=== Data provided ===

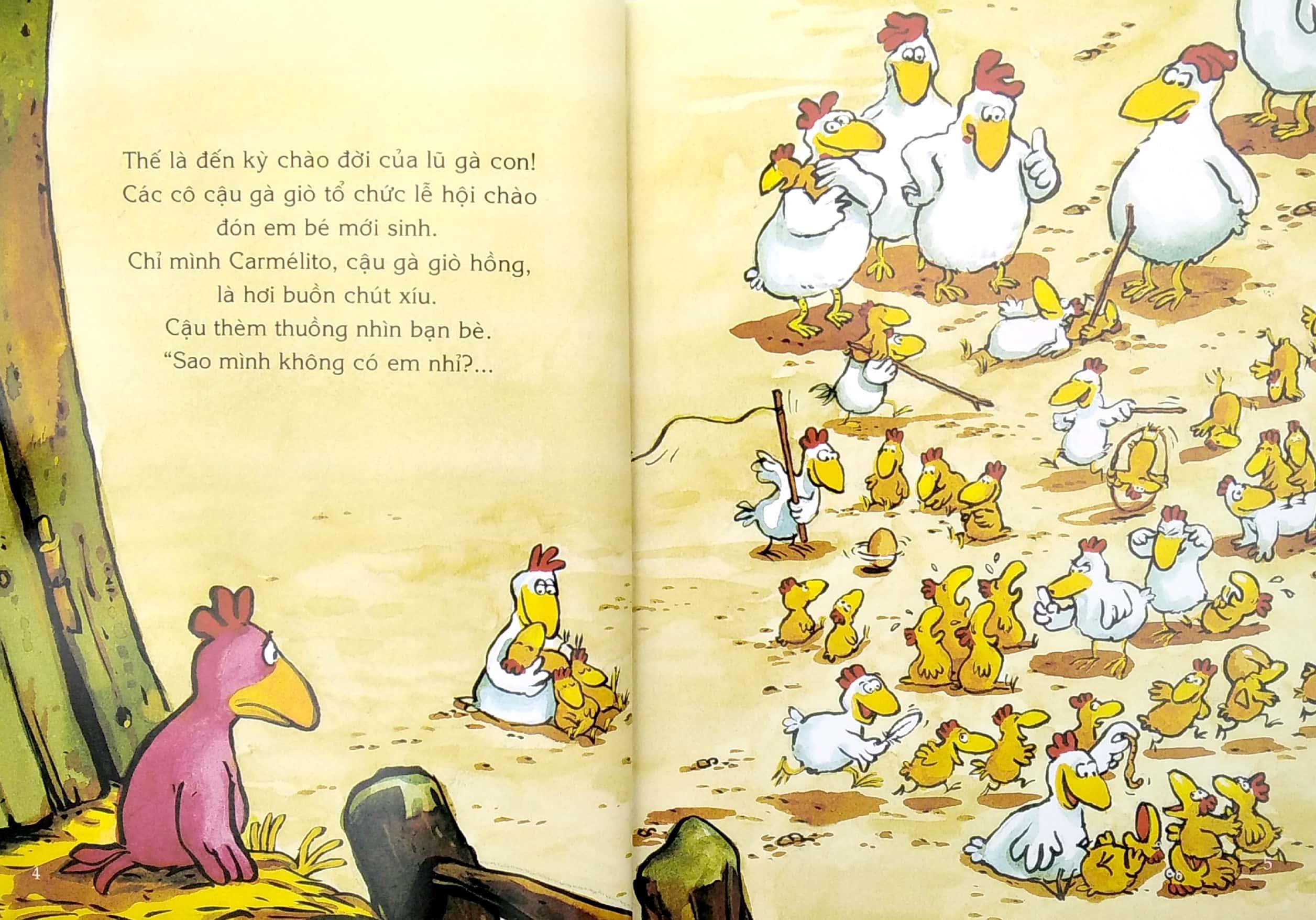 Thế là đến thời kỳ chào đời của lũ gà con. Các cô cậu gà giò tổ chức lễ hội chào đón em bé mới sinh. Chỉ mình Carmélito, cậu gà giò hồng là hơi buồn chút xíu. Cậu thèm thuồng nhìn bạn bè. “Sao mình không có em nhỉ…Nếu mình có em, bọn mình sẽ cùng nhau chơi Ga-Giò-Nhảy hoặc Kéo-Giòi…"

===
=== Data provided ===

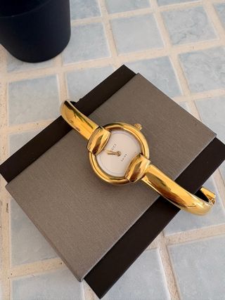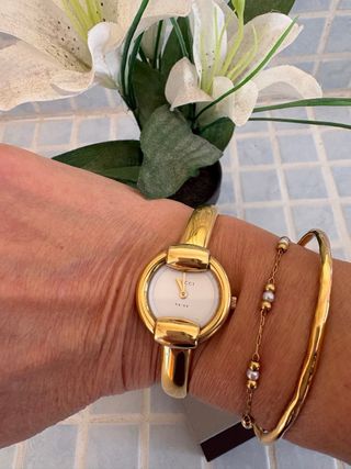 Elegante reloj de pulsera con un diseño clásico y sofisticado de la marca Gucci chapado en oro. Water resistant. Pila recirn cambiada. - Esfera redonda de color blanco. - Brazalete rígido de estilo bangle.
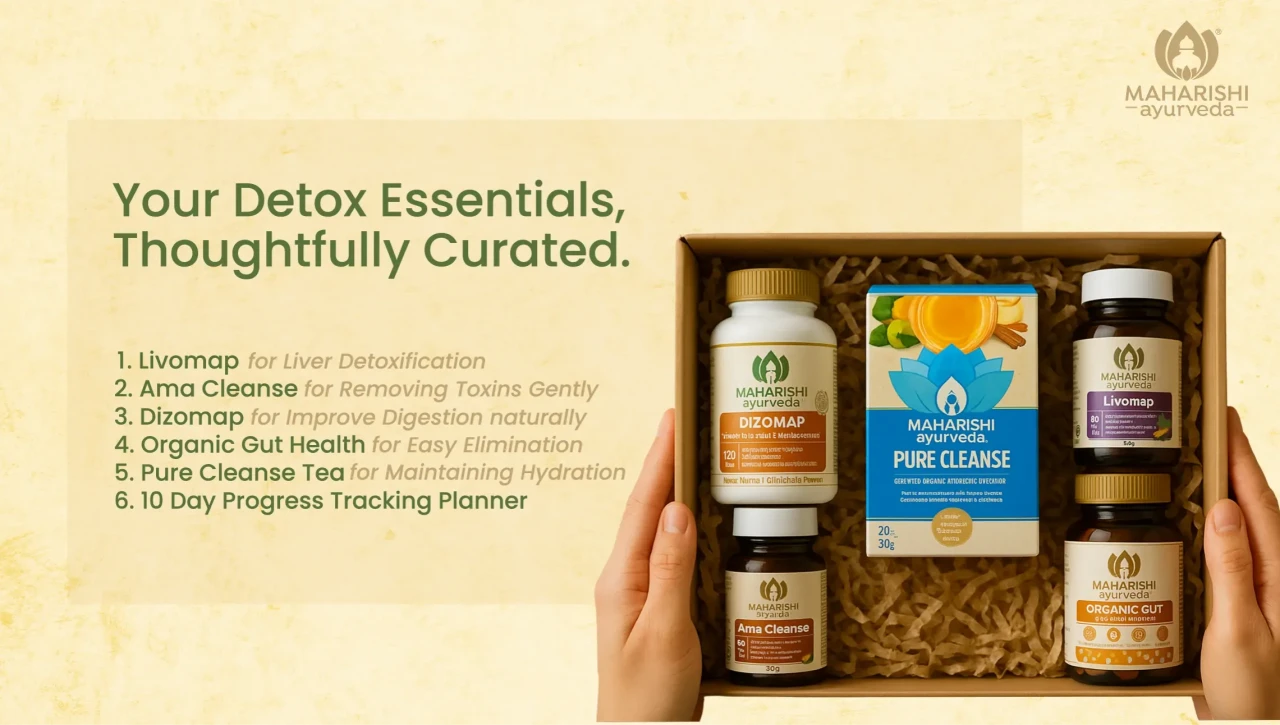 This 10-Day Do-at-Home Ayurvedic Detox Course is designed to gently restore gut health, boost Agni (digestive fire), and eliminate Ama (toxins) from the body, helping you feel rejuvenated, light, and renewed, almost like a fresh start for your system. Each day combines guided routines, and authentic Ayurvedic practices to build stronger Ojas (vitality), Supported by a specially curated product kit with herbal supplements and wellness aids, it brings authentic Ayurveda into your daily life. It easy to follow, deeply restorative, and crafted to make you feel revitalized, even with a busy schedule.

===
=== Data provided ===

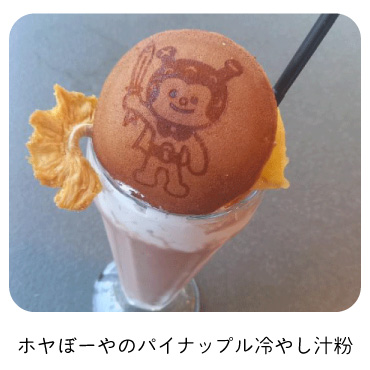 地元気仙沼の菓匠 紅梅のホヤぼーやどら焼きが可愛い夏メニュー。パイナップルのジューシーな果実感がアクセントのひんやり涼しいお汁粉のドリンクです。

===

Required action: Start at the line above containing "Elegante reloj de" and stop at the line containing "This 10-Day Do-at-Home": print those lines and everything between them exactly, but not the pictures.

Result for this task:
 Elegante reloj de pulsera con un diseño clásico y sofisticado de la marca Gucci chapado en oro. Water resistant. Pila recirn cambiada. - Esfera redonda de color blanco. - Brazalete rígido de estilo bangle.
 This 10-Day Do-at-Home Ayurvedic Detox Course is designed to gently restore gut health, boost Agni (digestive fire), and eliminate Ama (toxins) from the body, helping you feel rejuvenated, light, and renewed, almost like a fresh start for your system. Each day combines guided routines, and authentic Ayurvedic practices to build stronger Ojas (vitality), Supported by a specially curated product kit with herbal supplements and wellness aids, it brings authentic Ayurveda into your daily life. It easy to follow, deeply restorative, and crafted to make you feel revitalized, even with a busy schedule.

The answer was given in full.